Supplied data Block Start
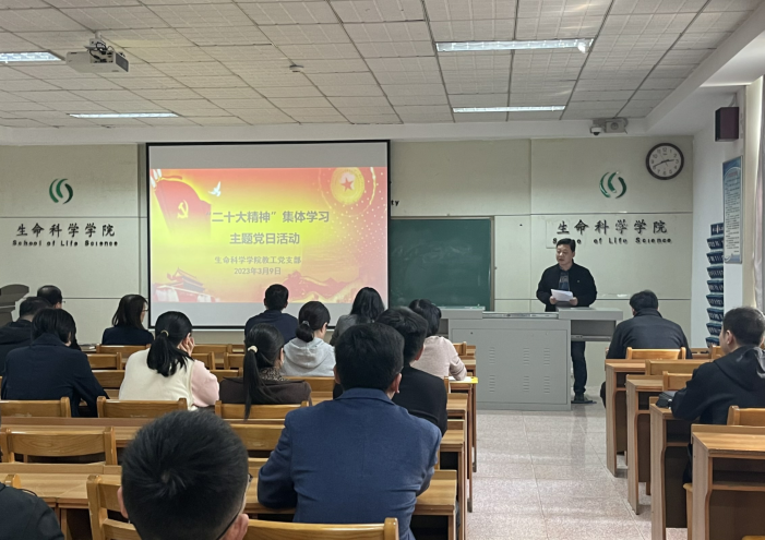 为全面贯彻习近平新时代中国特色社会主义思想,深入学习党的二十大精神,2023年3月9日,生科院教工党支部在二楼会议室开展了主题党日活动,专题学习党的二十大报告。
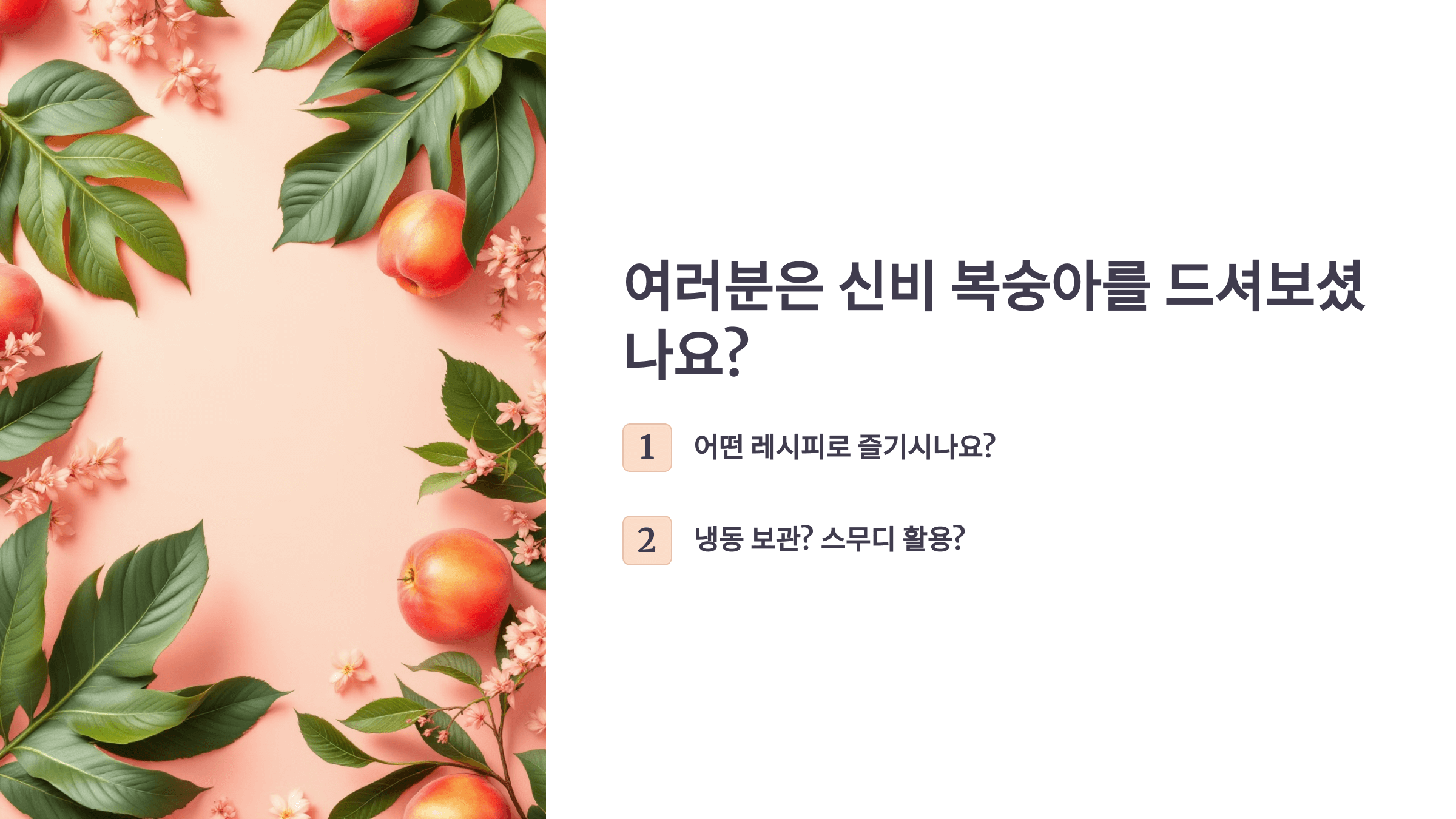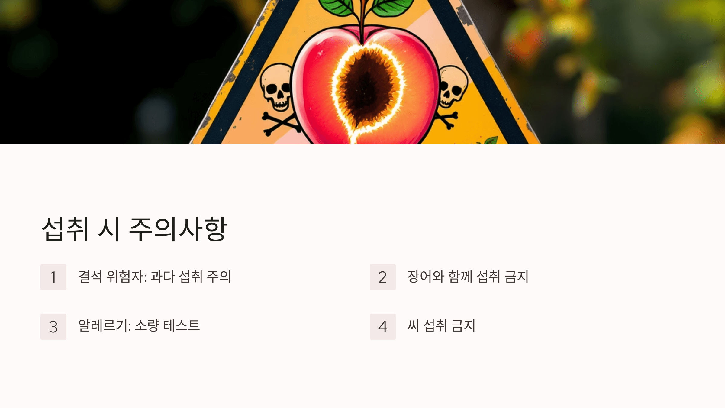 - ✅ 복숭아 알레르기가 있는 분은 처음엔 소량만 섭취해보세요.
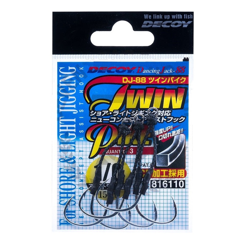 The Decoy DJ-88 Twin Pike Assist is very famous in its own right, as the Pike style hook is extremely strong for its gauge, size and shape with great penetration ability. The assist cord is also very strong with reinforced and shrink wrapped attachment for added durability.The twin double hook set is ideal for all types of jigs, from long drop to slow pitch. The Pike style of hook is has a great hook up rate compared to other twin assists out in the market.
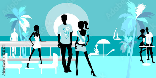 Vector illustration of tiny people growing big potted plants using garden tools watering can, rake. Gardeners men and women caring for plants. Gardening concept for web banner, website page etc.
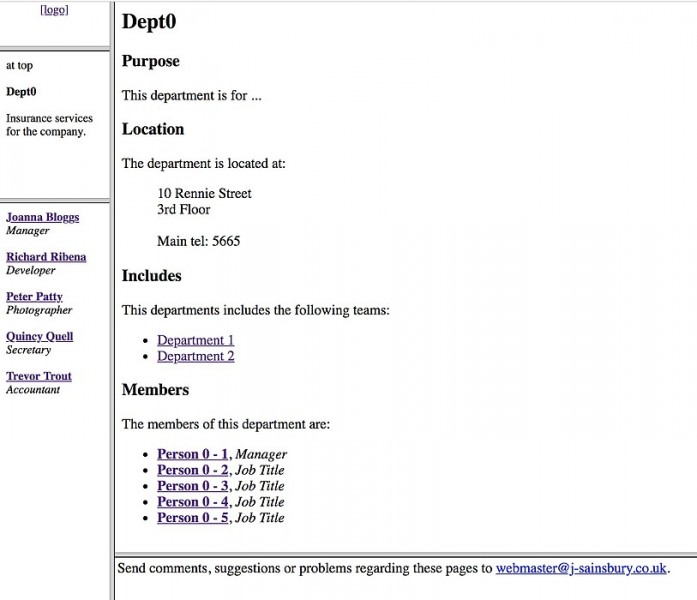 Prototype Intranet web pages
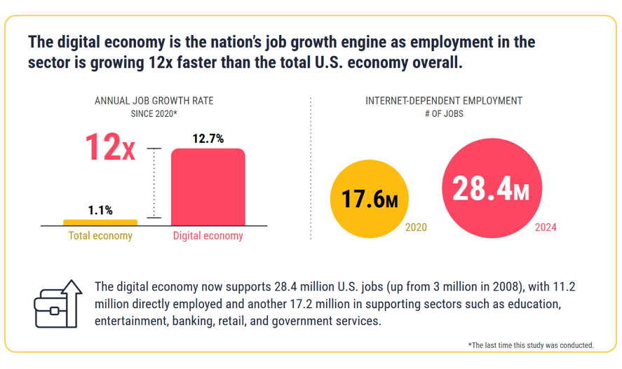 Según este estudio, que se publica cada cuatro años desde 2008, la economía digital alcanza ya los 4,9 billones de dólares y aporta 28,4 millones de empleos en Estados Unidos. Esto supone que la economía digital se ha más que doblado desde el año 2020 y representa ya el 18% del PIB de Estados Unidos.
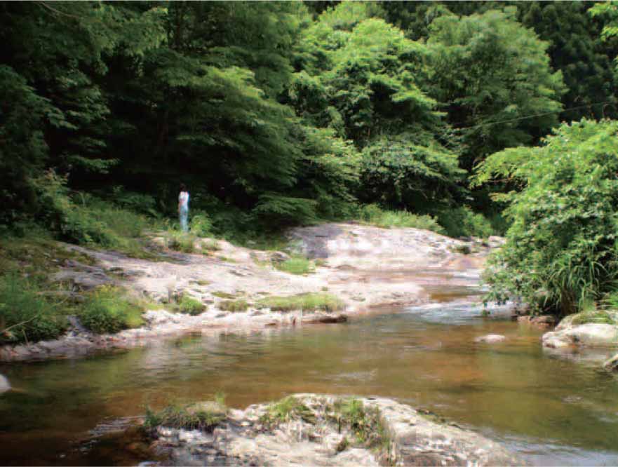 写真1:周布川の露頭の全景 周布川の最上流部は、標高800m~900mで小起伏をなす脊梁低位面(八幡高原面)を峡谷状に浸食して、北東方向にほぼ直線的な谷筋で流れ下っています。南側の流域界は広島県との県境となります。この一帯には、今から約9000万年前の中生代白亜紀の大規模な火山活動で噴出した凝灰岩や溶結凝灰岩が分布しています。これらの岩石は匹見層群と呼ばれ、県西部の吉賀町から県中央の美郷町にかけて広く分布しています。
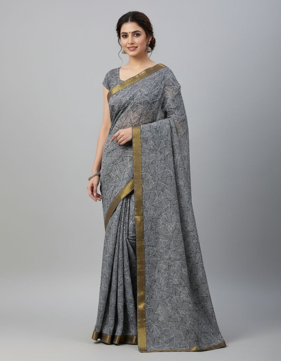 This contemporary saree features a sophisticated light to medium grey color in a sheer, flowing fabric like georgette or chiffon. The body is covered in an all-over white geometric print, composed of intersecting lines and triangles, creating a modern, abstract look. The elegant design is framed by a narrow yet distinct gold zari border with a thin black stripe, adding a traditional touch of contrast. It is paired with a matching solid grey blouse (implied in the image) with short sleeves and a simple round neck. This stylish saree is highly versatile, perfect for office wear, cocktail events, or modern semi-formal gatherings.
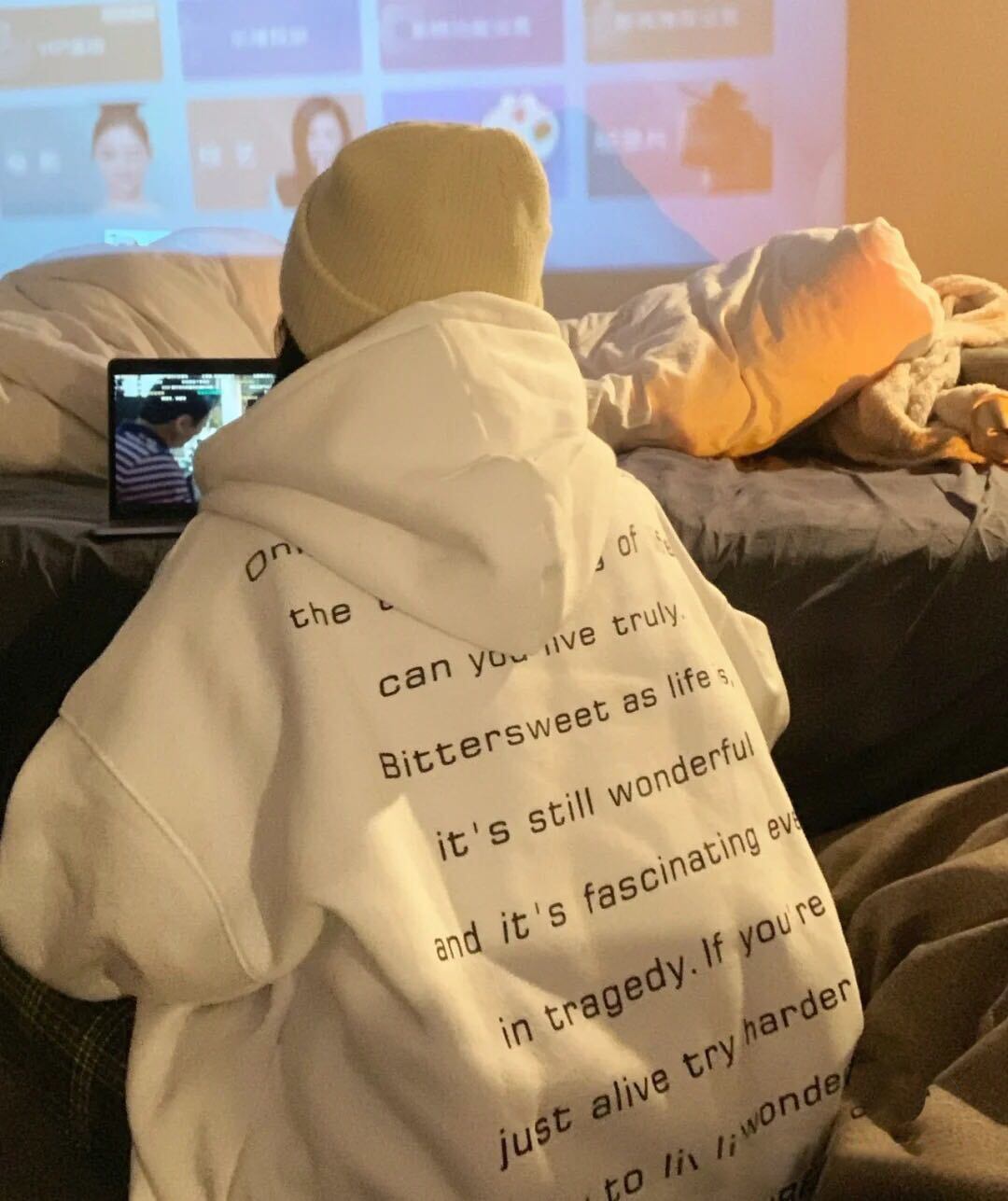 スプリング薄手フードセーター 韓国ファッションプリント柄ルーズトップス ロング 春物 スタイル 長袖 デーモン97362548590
Supplied data Block End
**What you are asked to do:**
Copy out exactly the lines above beginning with the line that contains "Vector illustration of" and finishing with the line that contains "写真1:周布川の露頭の全景 周布川の最上", including both; leave the pictures out.

**Solved problem:**
 Vector illustration of tiny people growing big potted plants using garden tools watering can, rake. Gardeners men and women caring for plants. Gardening concept for web banner, website page etc.
 Prototype Intranet web pages
 Según este estudio, que se publica cada cuatro años desde 2008, la economía digital alcanza ya los 4,9 billones de dólares y aporta 28,4 millones de empleos en Estados Unidos. Esto supone que la economía digital se ha más que doblado desde el año 2020 y representa ya el 18% del PIB de Estados Unidos.
 写真1:周布川の露頭の全景 周布川の最上流部は、標高800m~900mで小起伏をなす脊梁低位面(八幡高原面)を峡谷状に浸食して、北東方向にほぼ直線的な谷筋で流れ下っています。南側の流域界は広島県との県境となります。この一帯には、今から約9000万年前の中生代白亜紀の大規模な火山活動で噴出した凝灰岩や溶結凝灰岩が分布しています。これらの岩石は匹見層群と呼ばれ、県西部の吉賀町から県中央の美郷町にかけて広く分布しています。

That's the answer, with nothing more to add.